Incomplete Coverage: Mobility data is typically collected from sources such as mobile phone networks, GPS devices, or transportation systems. These sources may not be representative of the entire population or all economic activities, leading to sample bias and potentially inaccurate estimations.Not all individuals or businesses have access to devices or services that generate mobility data. This can result in incomplete coverage and potential underrepresentation of certain demographic groups or economic sectors.
Lack of Contextual Information: Mobility data primarily captures movement patterns and geolocation information. It may lack other crucial contextual information, such as transactional data, business types, or specific economic activities, which are essential for accurate estimation of economic activity.
Limitations of using points of interest database from OpenStreetMap#
Warning
Data Quality: OpenStreetMap (OSM) relies on user contributions, which can vary in quality and may not always be up-to-date.
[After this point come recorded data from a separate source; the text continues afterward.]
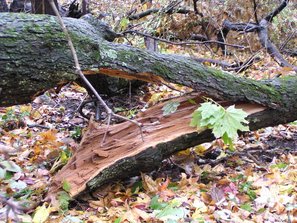 These pictures were taken after the storm, on October 30. They show close-ups of fallen branches, some with fungi or lichen.
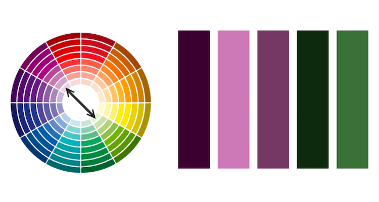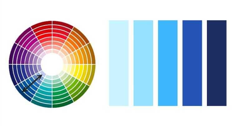 Le dégradé ou monochrome consiste à décliner une même couleur en teinte plus ou moins claire ou saturée.
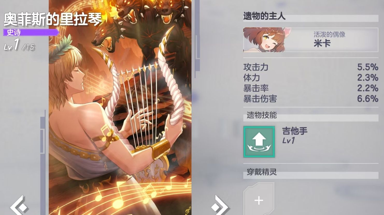 遗物本质是精灵的专属装备,每件遗物均预设唯一归属角色——即“遗物主人”。该设定决定了其词条属性与技能效果的高度定制化:当由指定主人佩戴时,不仅可激活全部基础属性加成,还将解锁专属技能,该技能等级随遗物本体等级同步成长,具备不可替代的战略价值。若由其他精灵穿戴,则仅生效属性部分,技能栏位处于锁定状态,无法触发。因此,在资源有限的前提下,优先为主角或核心输出精灵配置对应遗物,是提升整体战力效率最高的选择。

The accuracy and completeness of the points of interest (POI) database in OSM can vary significantly across different regions and categories.
Bias and Incompleteness: OSM data can be biased towards areas or categories that attract more active contributors. Certain regions or types of businesses may be underrepresented, leading to incomplete or skewed data, especially in less-populated or less-developed areas.
Lack of Standardization: OSM does not enforce strict data standards, resulting in variations in the format, categorization, and attribute information of POIs. This lack of standardization can make it challenging to compare and analyze data consistently across different regions or time periods.
Verification and Validation: While OSM relies on community-driven efforts for data verification, the absence of a centralized authority or rigorous validation process can introduce errors and inaccuracies. It may be difficult to ascertain the reliability of the information contained in the POI database.
Limited Contextual Information: The OSM database primarily focuses on geospatial information, such as coordinates and basic attributes of POIs. It may lack additional contextual information, such as detailed business descriptions, operational hours, or transactional data, which can limit its usefulness for comprehensive economic analysis.